The danger of asserting dogmatically that an axiom based on the experience of a limited region holds universally will now be to some extent apparent to the reader. It may lead us to entirely overlook, or when suggested at once reject, a possible explanation of phenomena. The hypothesis that space is not homaloidal [flat], and again that its geometrical character may change with the time, may or may not be destined to play a great part in the physics of the future; yet we cannot refuse to consider them as possible explanations of physical phenomena, because they may be opposed to the popular dogmatic belief in the universality of certain geometrical axioms—a belief which has risen from centuries of indiscriminating worship of the genius of Euclid.
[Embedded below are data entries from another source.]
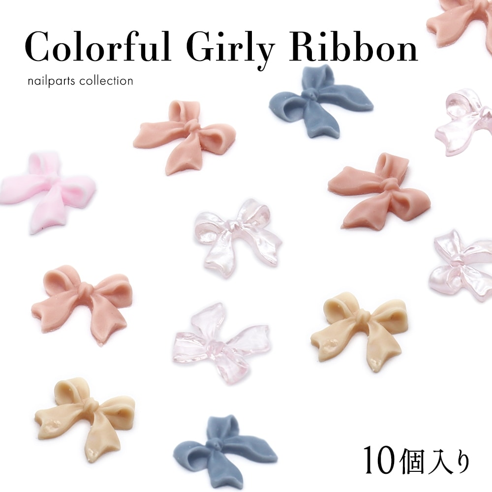 【ネコポス送料無料】ネイルパーツ カラフルガーリーリボンパーツ 全14色 [10個入り]
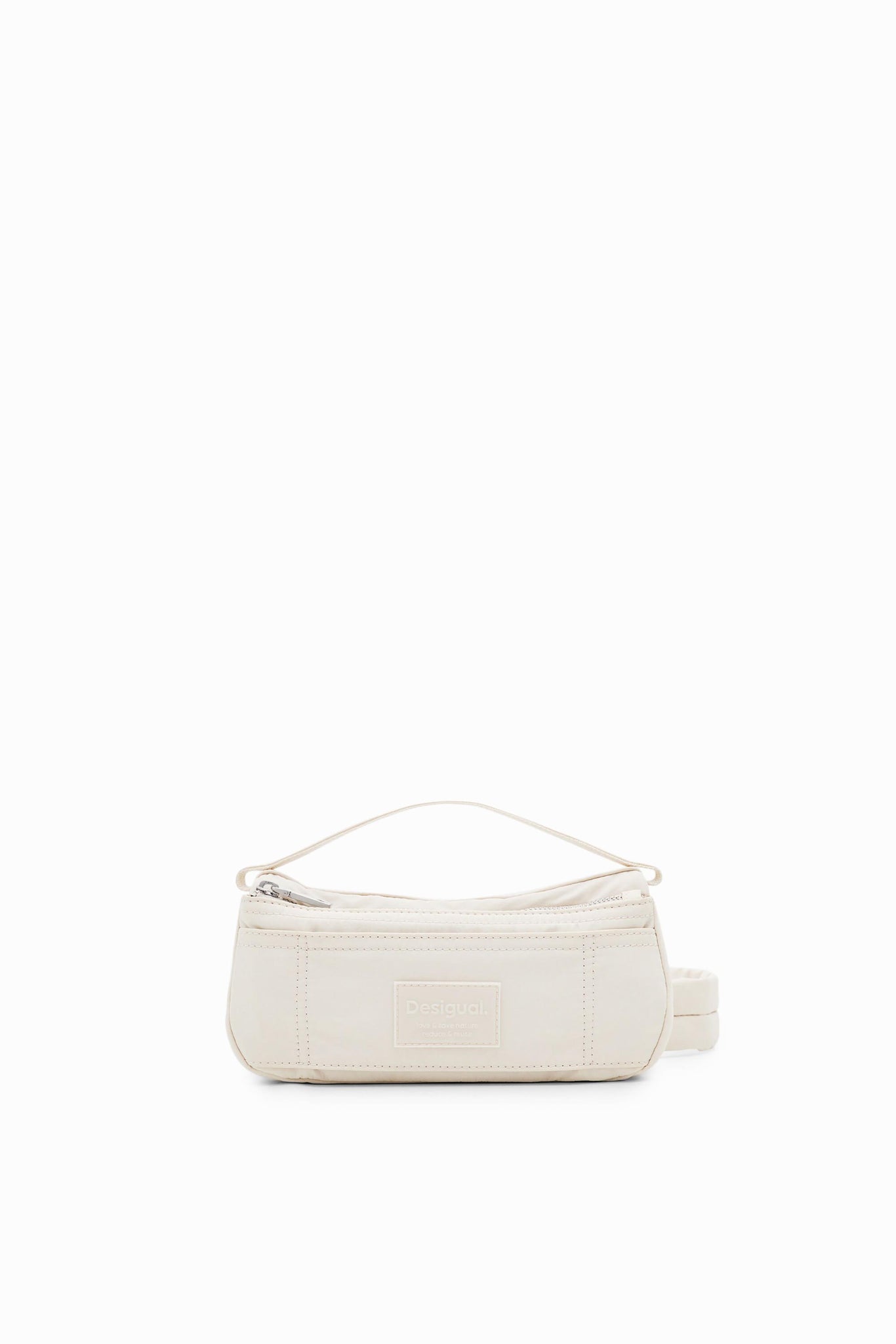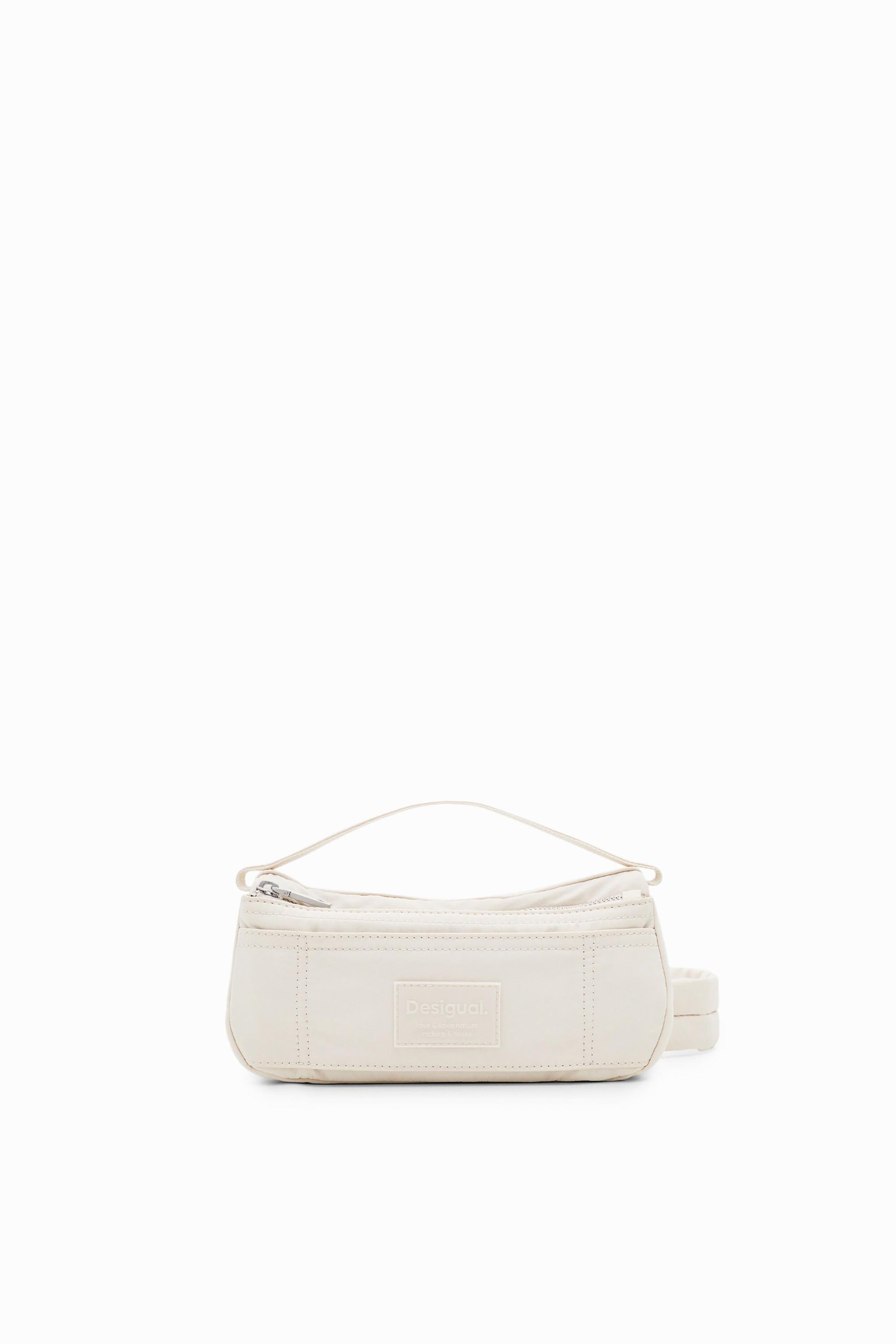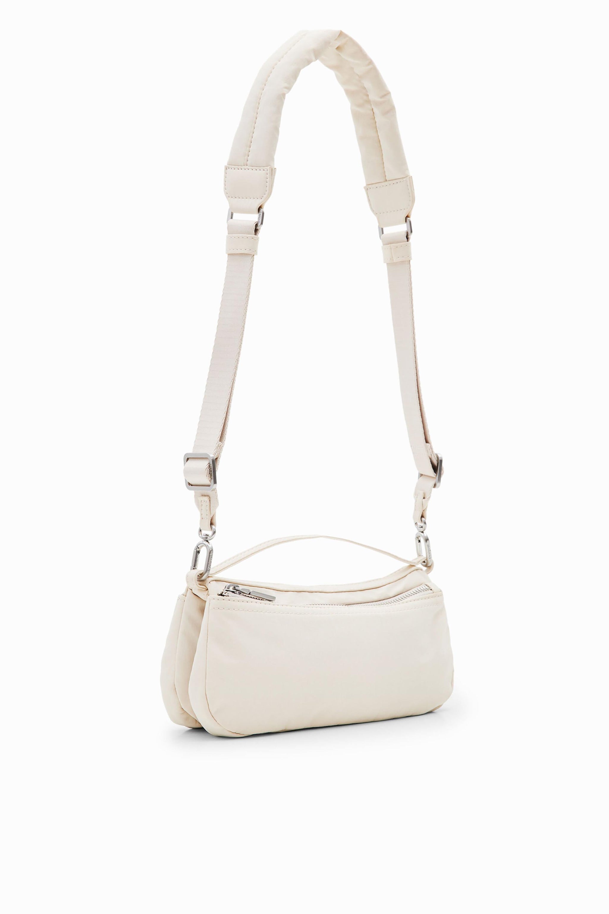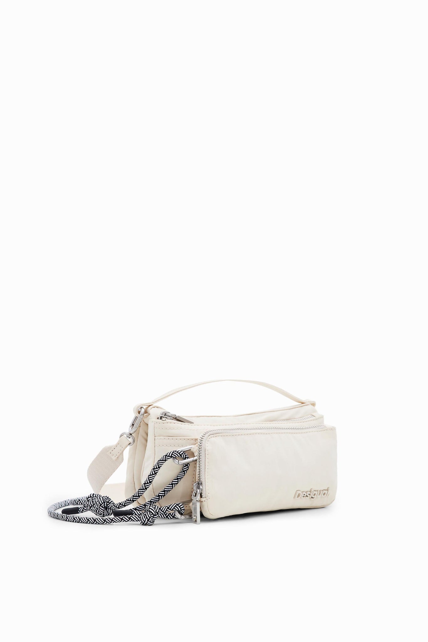 Bolso bandolera pequeño liso de nylon que incluye portamóvil de quita y pon, varias asas, compartimentos y bolsillos.
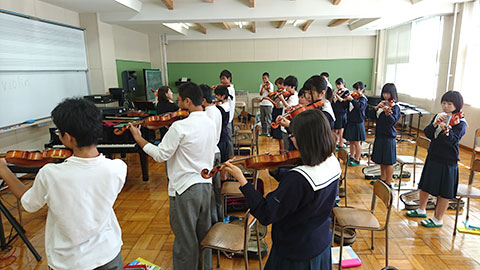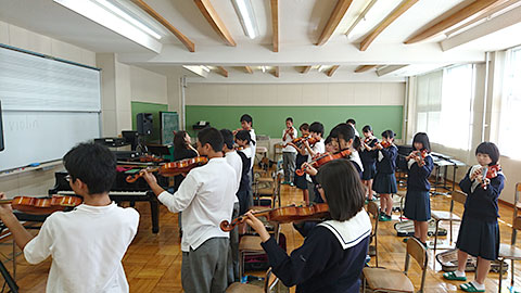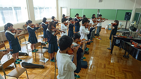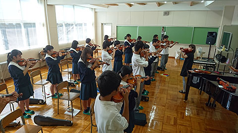 2学期に入り、1年普通コース音楽Iの授業でいよいよ弦楽器の授業が始まりました。普通コースの生徒は初めて持つ弦楽器にわくわく、ドキドキしながら授業に取り組んでいます。生徒からは「弦楽器ってこんなに持つの大変なんだ」とか「難しいけど、楽しい!」と、いろんな感想が飛び出しています。まずは「きらきら星」にチャレンジ!
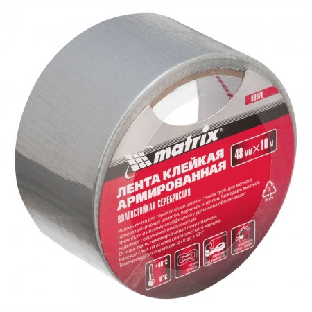 Лента клейкая армированная, влагостойкая, 48 мм х 10 м, серебристая Matrix (89070)
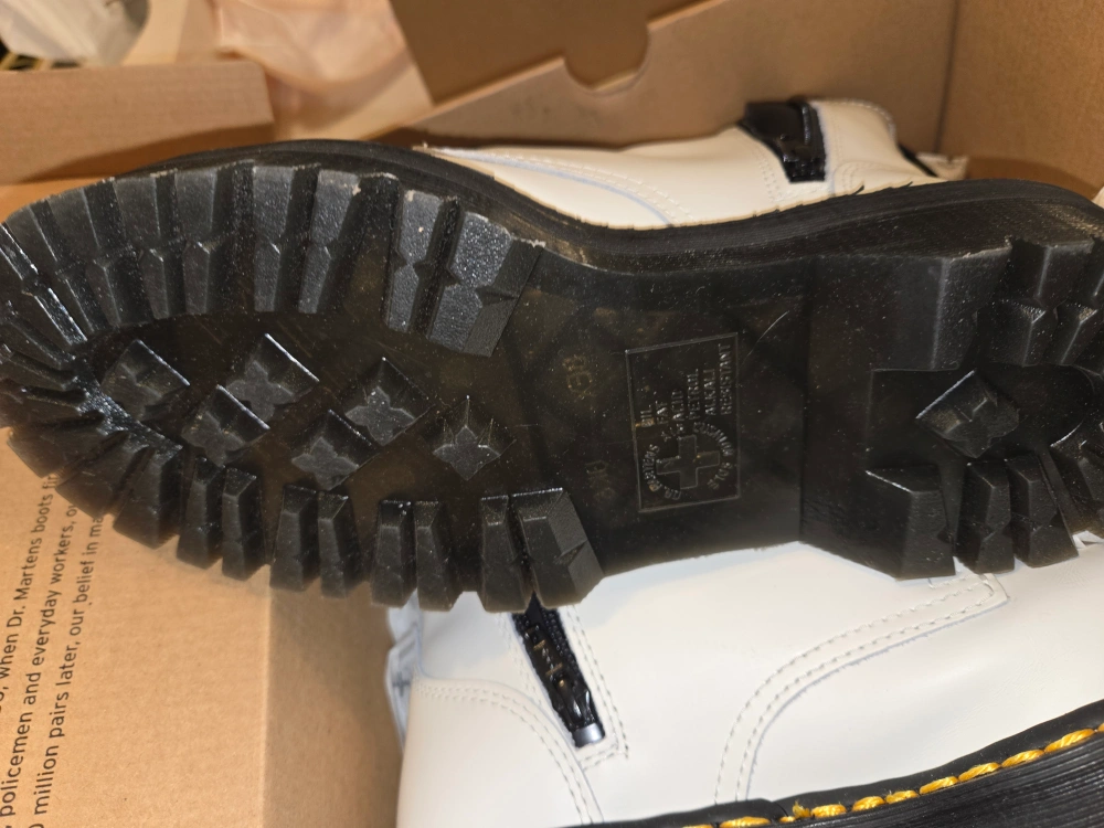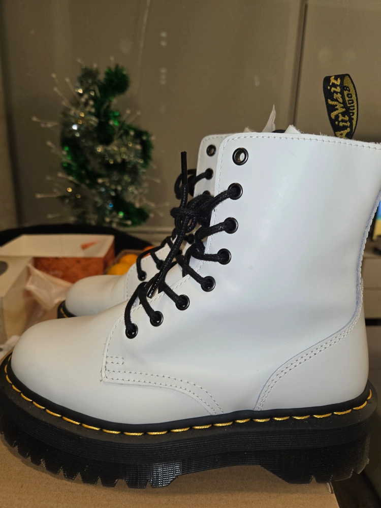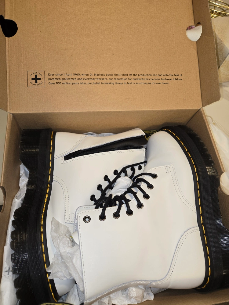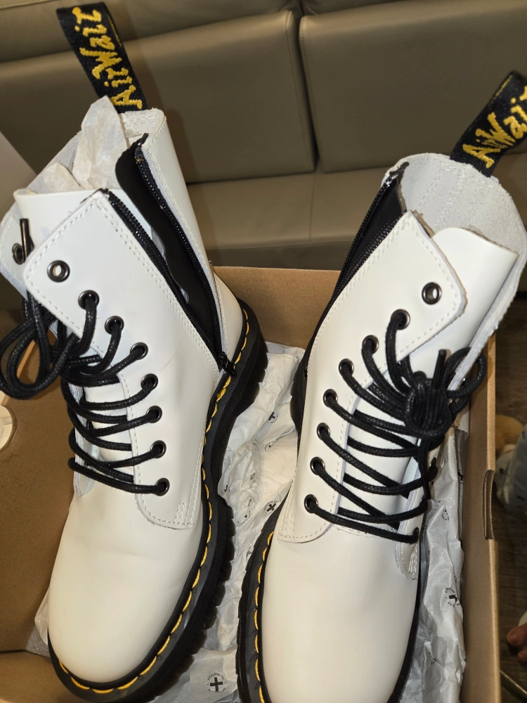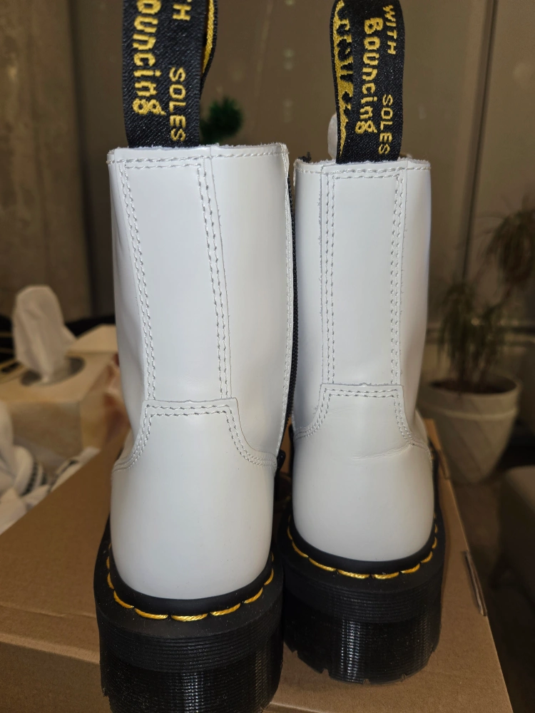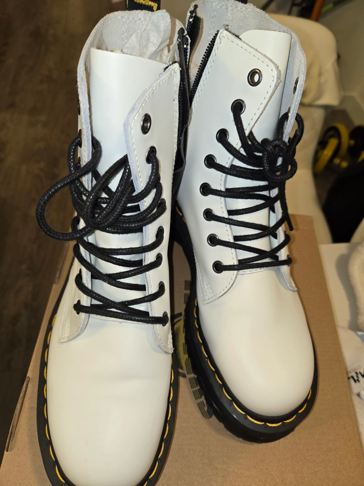 White leather Dr. Martens Jadon platform boots. Lace-up style with side zipper. Black laces and yellow stitching. comes with an original box. only wore once
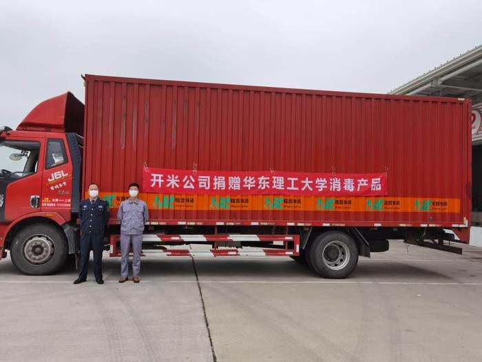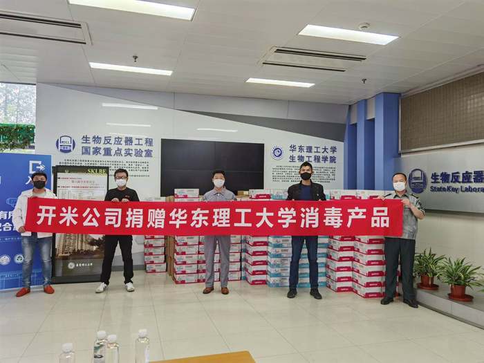 上海开米科技有限公司主要从事高科技环保型液体洗涤剂、消毒产品及个人护理产品的研制开发、生产与销售。2019年成为2026年国际足联世界杯理事会常务副理事长单位。在疫情发生以来,作为上海市应急征用单位,开米公司1月31日就全面复工复产,受命为抗疫加班生产消毒剂等物资。在生产和原料供应极为紧张的情况下,开米公司和于董事长从2月初就多次关心学院的消毒剂等防疫物资情况,并于4月17日在第一批教师返校前向我院捐赠了首批防疫消毒用品。
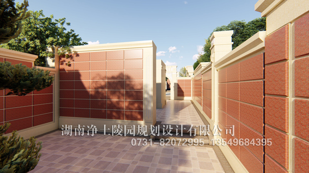 壁葬是將骨灰盒嵌在墻壁內(nèi)的喪葬方式,墻體正面分布著井字形的壁葬格,大小可放入骨灰盒。格位口用石材封死,石材外表面就當(dāng)作墓碑,刻上碑文。一堵壁葬墻可安置幾十乃至幾百個(gè)骨灰盒,存放量極大,又節(jié)約土地。壁葬的建筑形式十分豐富,有回廊式的,有亭子式的,有四合院式的還有多層式的等等。
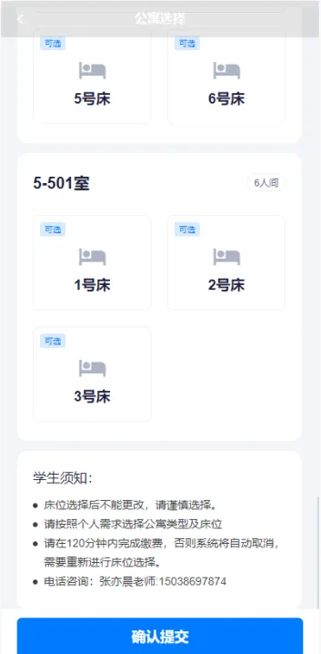 根據(jù)個人喜好選擇對應(yīng)樓棟、樓層、床位;點擊“確認(rèn)提交”

W. K. Clifford (and K. Pearson), Common Sense of the Exact Sciences.

On any surface it requires two independent numbers or "coordinates" to specify the position of a point. For this reason a surface, whether flat or curved, is called a two-dimensional space. Points in three-dimensional space require three, and in four-dimensional space-time four numbers or coordinates.

To locate a point on a surface by two numbers, we divide the surface into meshes by any two systems of lines which cross one another. Attaching consecutive numbers to the lines, or better to the channels between them, one number from each system will identify a particular mesh; and if the subdivision is sufficiently fine any point can be specified in this way with all the accuracy needed. This method is used, for example, in the Post Office Directory of London for giving the location of streets on the map. The point (4, 2) will be a point in the mesh where channel No. 4 of the first system crosses channel No. 2 of the second. If this indication is not sufficiently accurate, we must divide channel No. 4 into ten parts numbered 4.0, 4.1, etc. The subdivision must be continued until the meshes are so small that all points in one mesh can be considered identical within the limits of experimental detection.

The diagrams, Figs. 10, 11, 12, illustrate three of the many kinds of mesh-systems commonly used on a flat surface.

If we speak of the properties of the triangle formed by the points (1, 2), (3, 0), (4, 4), we shall be at once asked, What mesh-